[Exercise description]
Please copy exactly the part of the records below that opens with the line containing "On July 5, 2019, the" and closes with the line containing "Set on a peaceful", leaving out any pictures.

= = =

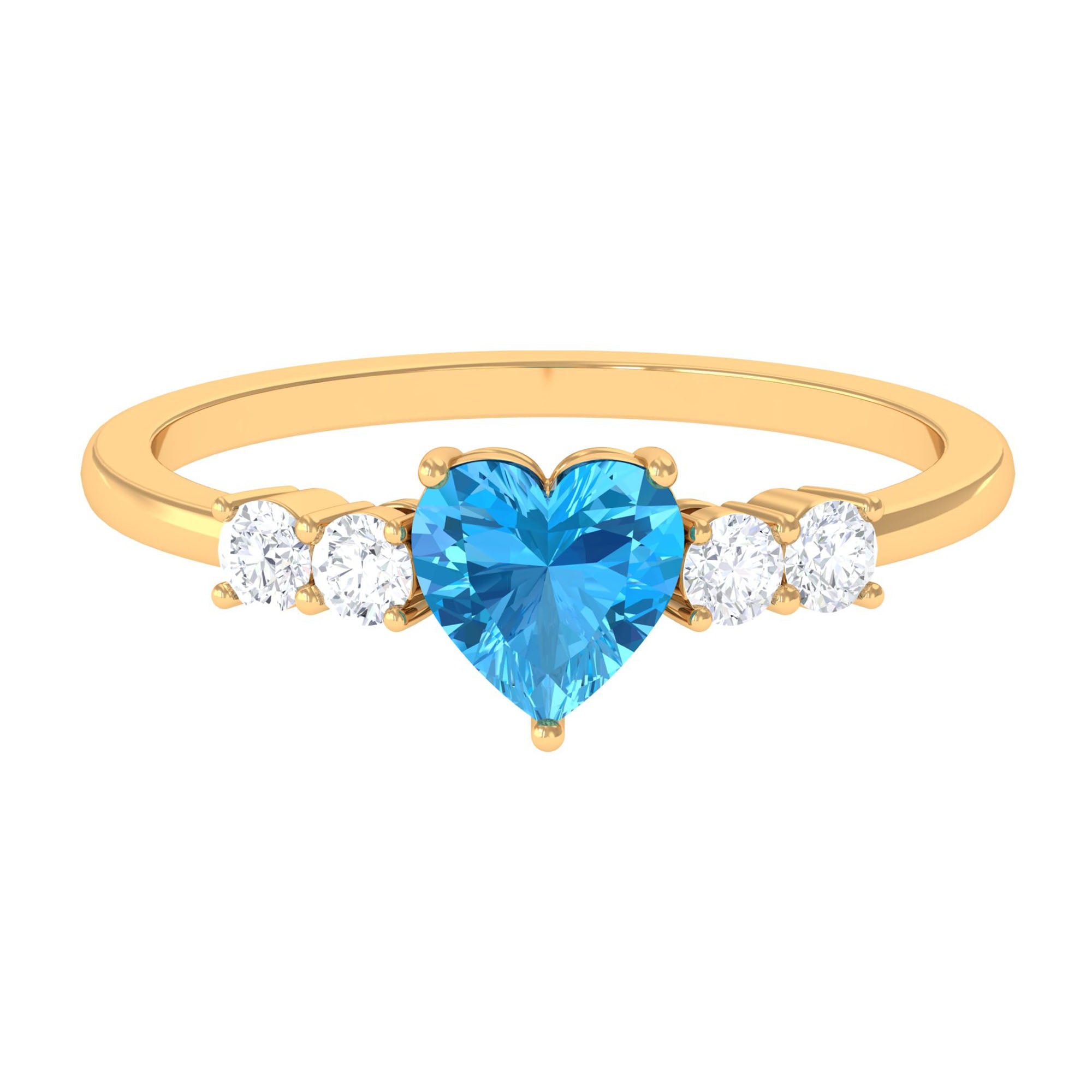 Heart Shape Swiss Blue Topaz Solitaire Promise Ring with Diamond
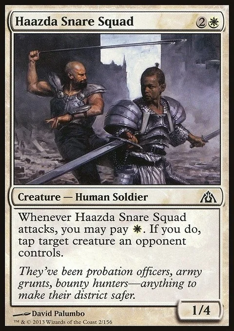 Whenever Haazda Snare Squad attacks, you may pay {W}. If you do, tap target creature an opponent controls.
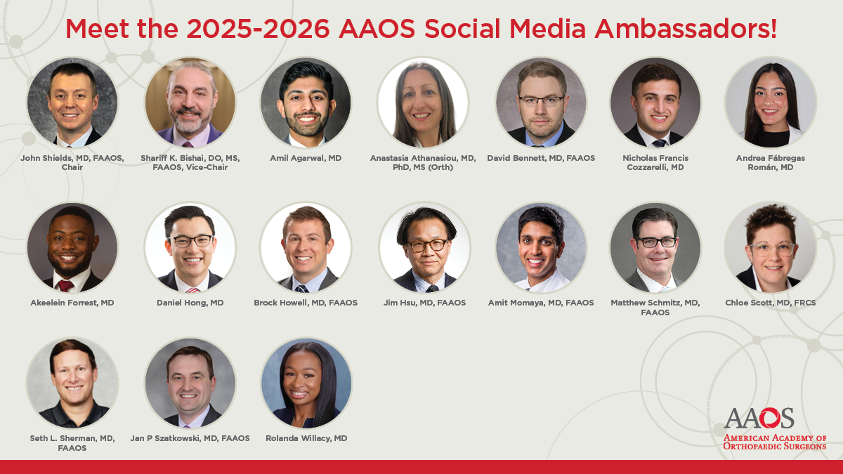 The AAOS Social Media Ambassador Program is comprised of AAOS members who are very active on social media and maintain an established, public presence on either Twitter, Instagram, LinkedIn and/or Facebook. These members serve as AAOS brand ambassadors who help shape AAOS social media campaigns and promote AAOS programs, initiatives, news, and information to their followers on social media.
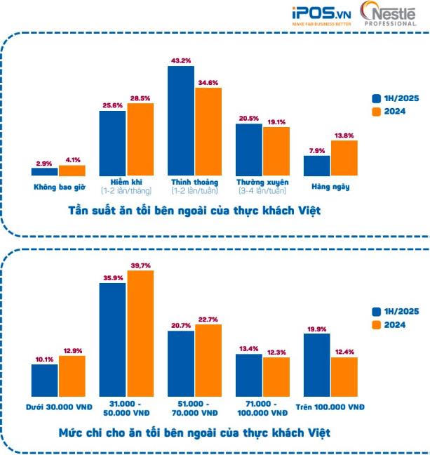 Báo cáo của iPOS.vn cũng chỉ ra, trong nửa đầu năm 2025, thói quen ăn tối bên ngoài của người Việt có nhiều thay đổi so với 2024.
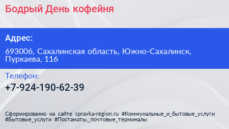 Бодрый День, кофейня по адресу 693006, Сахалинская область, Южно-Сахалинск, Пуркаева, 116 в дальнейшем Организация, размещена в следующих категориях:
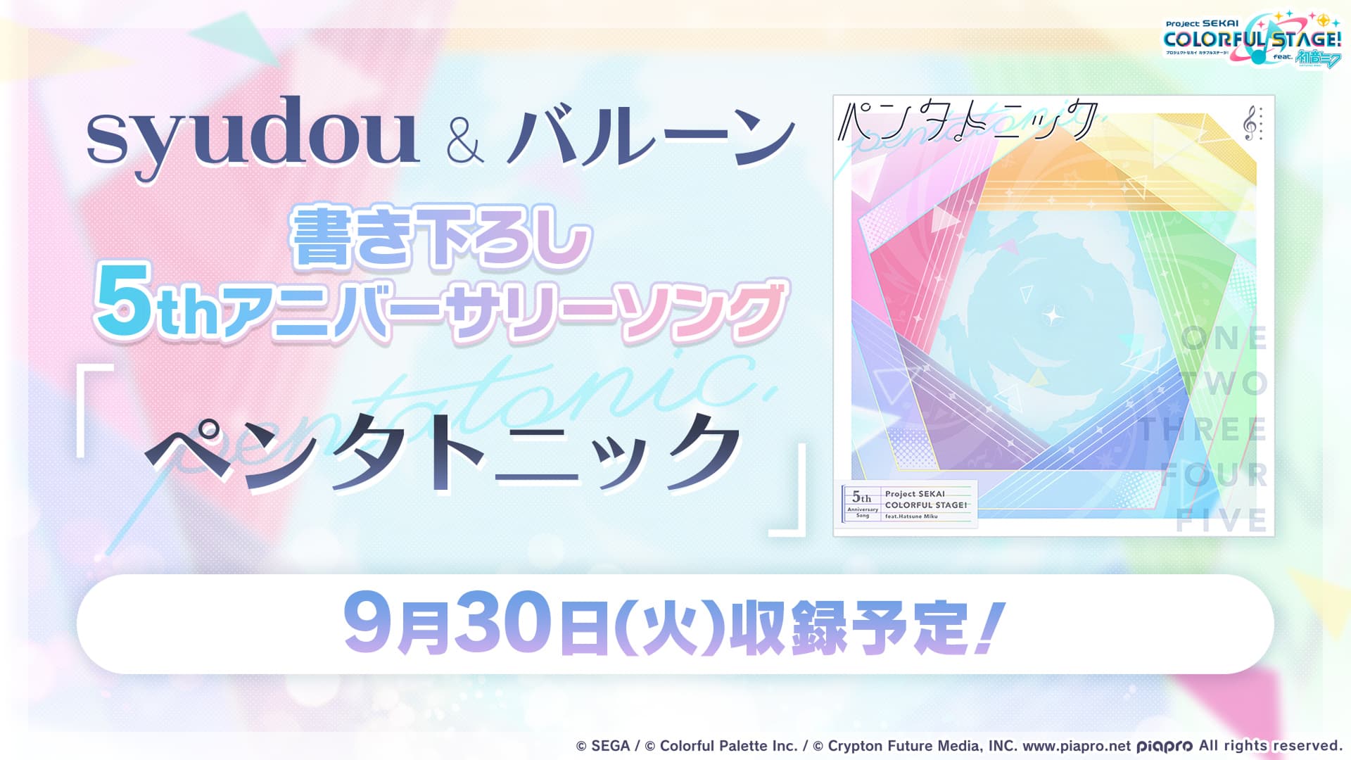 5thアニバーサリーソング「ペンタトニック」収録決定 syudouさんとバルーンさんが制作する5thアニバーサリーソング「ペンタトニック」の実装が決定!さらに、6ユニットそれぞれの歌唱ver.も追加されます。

= = =

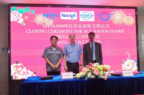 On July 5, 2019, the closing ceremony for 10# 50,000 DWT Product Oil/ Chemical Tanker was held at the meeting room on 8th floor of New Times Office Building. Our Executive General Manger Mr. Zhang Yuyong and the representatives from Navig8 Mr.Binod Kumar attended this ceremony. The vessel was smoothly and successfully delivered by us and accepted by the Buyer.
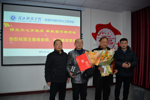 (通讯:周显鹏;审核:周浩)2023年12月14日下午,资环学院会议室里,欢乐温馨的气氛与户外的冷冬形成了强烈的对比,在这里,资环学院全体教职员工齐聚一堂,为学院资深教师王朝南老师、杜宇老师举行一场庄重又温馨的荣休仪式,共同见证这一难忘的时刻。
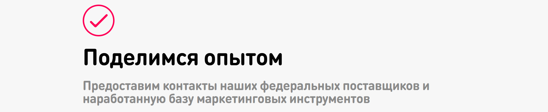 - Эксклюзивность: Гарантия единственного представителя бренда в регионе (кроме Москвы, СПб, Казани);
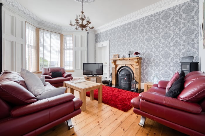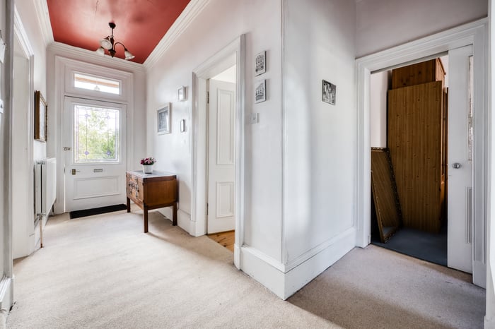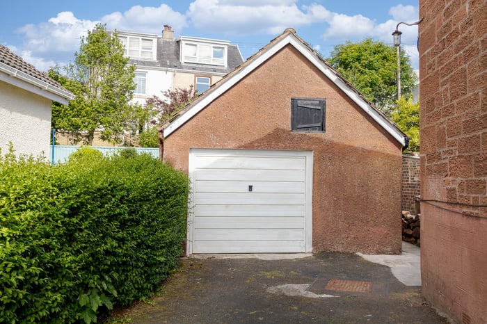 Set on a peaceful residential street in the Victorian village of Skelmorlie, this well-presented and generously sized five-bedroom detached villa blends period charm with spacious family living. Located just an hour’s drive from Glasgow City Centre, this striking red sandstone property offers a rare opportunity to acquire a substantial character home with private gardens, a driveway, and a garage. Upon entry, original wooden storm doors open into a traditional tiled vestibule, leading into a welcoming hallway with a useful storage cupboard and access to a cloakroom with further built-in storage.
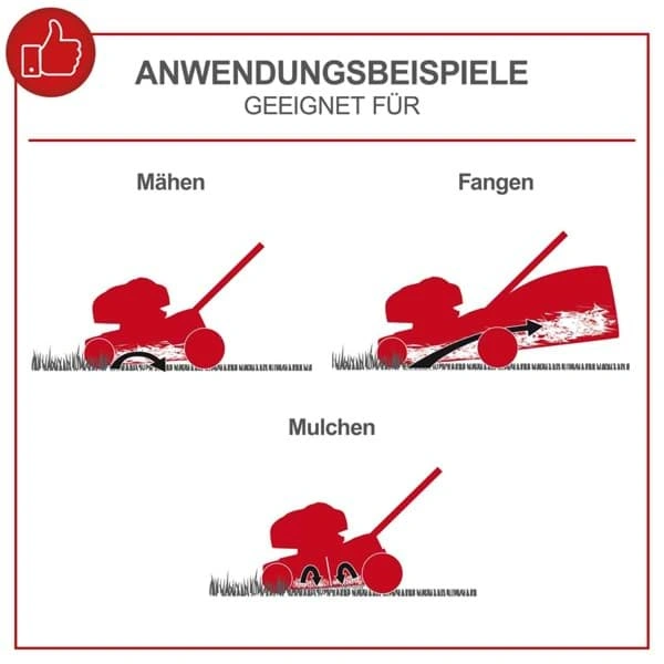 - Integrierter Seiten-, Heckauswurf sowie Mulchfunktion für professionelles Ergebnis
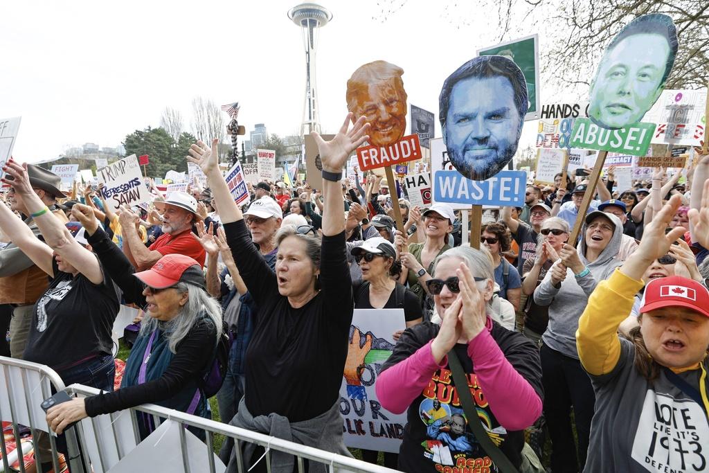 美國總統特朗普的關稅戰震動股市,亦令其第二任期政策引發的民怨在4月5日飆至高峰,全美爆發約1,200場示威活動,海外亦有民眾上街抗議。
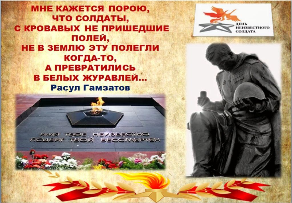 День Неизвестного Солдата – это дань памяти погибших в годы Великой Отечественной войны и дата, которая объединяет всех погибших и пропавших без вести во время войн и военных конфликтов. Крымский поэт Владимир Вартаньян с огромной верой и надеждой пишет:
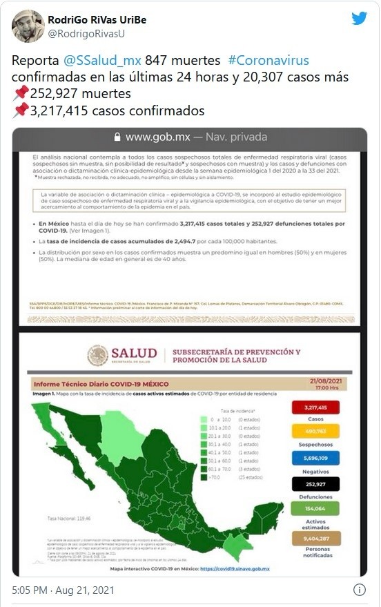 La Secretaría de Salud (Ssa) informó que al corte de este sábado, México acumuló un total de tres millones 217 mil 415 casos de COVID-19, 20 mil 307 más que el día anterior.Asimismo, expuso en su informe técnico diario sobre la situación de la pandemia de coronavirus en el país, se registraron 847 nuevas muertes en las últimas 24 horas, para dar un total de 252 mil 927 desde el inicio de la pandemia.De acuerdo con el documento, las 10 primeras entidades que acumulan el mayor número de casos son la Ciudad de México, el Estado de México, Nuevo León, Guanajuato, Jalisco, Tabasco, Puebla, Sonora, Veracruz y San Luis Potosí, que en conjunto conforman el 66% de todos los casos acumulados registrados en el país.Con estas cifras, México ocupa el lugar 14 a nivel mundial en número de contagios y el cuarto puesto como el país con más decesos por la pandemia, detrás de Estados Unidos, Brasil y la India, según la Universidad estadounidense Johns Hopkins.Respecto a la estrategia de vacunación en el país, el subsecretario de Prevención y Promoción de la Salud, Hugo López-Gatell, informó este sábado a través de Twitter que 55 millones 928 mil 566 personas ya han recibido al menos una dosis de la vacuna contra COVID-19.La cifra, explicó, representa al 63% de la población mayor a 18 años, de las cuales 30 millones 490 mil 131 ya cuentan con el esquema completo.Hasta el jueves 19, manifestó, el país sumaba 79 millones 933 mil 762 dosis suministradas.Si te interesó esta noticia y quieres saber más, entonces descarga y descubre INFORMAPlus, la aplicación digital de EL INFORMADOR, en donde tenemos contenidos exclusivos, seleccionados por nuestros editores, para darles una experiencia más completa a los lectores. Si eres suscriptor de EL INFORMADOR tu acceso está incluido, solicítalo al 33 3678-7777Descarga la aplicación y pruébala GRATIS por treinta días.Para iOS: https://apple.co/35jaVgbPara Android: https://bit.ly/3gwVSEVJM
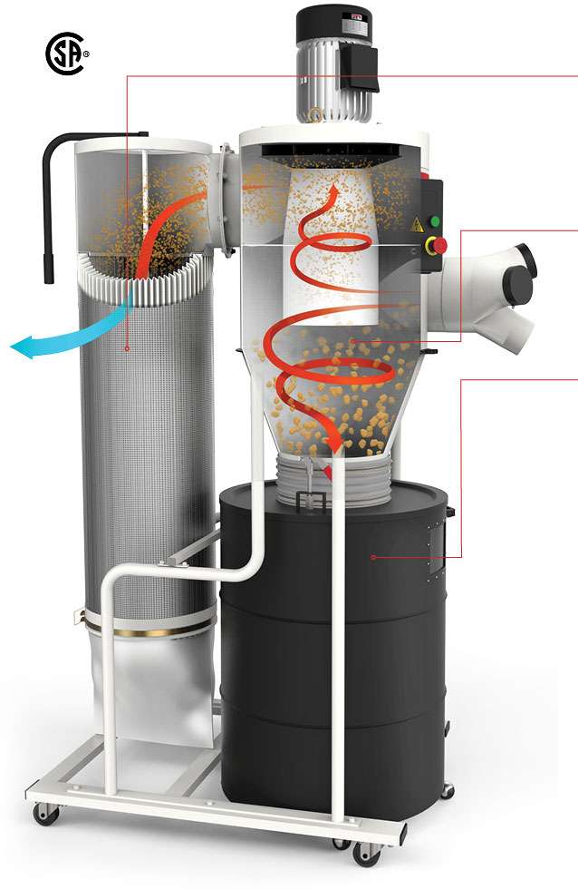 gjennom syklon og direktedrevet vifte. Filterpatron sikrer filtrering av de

= = =

[Answer]
 On July 5, 2019, the closing ceremony for 10# 50,000 DWT Product Oil/ Chemical Tanker was held at the meeting room on 8th floor of New Times Office Building. Our Executive General Manger Mr. Zhang Yuyong and the representatives from Navig8 Mr.Binod Kumar attended this ceremony. The vessel was smoothly and successfully delivered by us and accepted by the Buyer.
 (通讯:周显鹏;审核:周浩)2023年12月14日下午,资环学院会议室里,欢乐温馨的气氛与户外的冷冬形成了强烈的对比,在这里,资环学院全体教职员工齐聚一堂,为学院资深教师王朝南老师、杜宇老师举行一场庄重又温馨的荣休仪式,共同见证这一难忘的时刻。
 - Эксклюзивность: Гарантия единственного представителя бренда в регионе (кроме Москвы, СПб, Казани);
 Set on a peaceful residential street in the Victorian village of Skelmorlie, this well-presented and generously sized five-bedroom detached villa blends period charm with spacious family living. Located just an hour’s drive from Glasgow City Centre, this striking red sandstone property offers a rare opportunity to acquire a substantial character home with private gardens, a driveway, and a garage. Upon entry, original wooden storm doors open into a traditional tiled vestibule, leading into a welcoming hallway with a useful storage cupboard and access to a cloakroom with further built-in storage.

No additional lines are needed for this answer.